Aerobic glycolysis is an indispensable component of aggressive cancer cell metabolism. It also distinguishes cancer cells from most healthy cell types in the body. Particularly for this reason, targeting the metabolism to improve treatment outcomes has long been perceived as a potentially valuable strategy. In practice, however, our limited knowledge of why and how metabolic reprogramming occurs has prevented progress towards therapeutic interventions that exploit the metabolic peculiarities of tumors. We recently described that in breast cancer, MnSOD upregulation is both necessary and sufficient to activate glycolysis. Here, we focused on determining the molecular mechanisms of MnSOD upregulation.

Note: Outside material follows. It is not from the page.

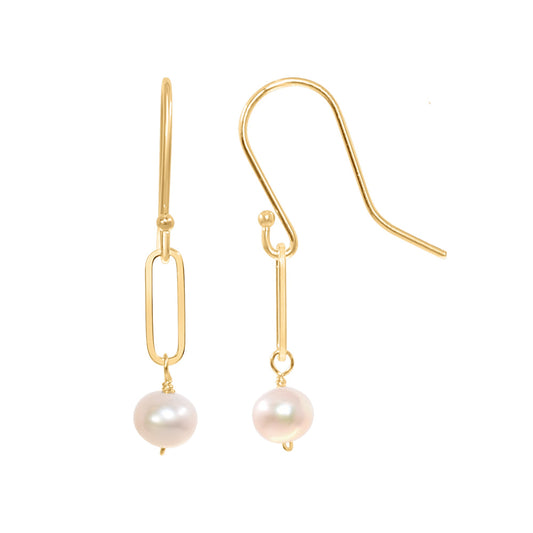 14k Pink Freshwater Pearl Paperclip Link Hook Drop Earring

We found that Caveolin-1 (Cav-1) is a central component of this mechanism due to its suppressive effects of NF-E2-related factor 2 (Nrf2), a transcription factor upstream of MnSOD. In transformed MCF10A(Er/Src) cells, Cav-1 loss preceded the activation of Nrf2 and its induction of MnSOD expression. Consistently, with previous observations, MnSOD expression secondary to Nrf2 activation led to an increase in the glycolytic rate dependent on mtH2O2 production and the activation of AMPK. Moreover, rescue of Cav-1 expression in a breast cancer cell line (MCF7) suppressed Nrf2 and reduced MnSOD expression. Experimental data were reinforced by epidemiologic nested case-control studies showing that Cav-1 and MnSOD are inversely expressed in cases of invasive ductal carcinoma, with low Cav-1 and high MnSOD expression being associated with lower 5-year survival rates and molecular subtypes with poorest prognosis.